Collection entries
^^^^^^^^^^^^^^^^

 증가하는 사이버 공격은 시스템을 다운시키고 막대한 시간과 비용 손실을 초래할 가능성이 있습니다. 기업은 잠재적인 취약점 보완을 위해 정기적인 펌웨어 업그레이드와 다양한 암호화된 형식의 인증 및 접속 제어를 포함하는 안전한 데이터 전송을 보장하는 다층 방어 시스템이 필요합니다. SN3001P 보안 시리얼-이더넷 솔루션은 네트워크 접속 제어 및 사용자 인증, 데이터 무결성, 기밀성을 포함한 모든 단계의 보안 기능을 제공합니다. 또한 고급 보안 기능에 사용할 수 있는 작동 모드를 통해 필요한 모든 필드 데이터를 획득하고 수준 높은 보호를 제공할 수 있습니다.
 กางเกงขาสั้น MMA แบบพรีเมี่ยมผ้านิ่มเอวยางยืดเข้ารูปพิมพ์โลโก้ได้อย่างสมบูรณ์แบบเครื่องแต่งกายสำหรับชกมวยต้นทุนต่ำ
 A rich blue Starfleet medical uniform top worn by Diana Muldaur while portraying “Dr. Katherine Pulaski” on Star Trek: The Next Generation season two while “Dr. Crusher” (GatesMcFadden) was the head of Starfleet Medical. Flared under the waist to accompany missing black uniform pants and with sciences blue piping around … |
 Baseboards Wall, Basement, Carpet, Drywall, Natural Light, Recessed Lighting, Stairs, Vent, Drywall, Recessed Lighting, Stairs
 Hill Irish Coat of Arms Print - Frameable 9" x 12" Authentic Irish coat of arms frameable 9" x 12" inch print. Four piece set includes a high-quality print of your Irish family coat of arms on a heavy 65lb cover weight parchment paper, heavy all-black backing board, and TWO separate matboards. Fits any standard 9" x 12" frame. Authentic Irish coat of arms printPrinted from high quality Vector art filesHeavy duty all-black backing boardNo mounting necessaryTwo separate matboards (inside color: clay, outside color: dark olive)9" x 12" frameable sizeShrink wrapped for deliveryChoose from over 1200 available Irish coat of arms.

^^^^^^^^^^^^^^^^

§ **Instructions for the task**
Your reply should consist solely of the number of lines above that contain the word "black".

§ **Exercise result**
2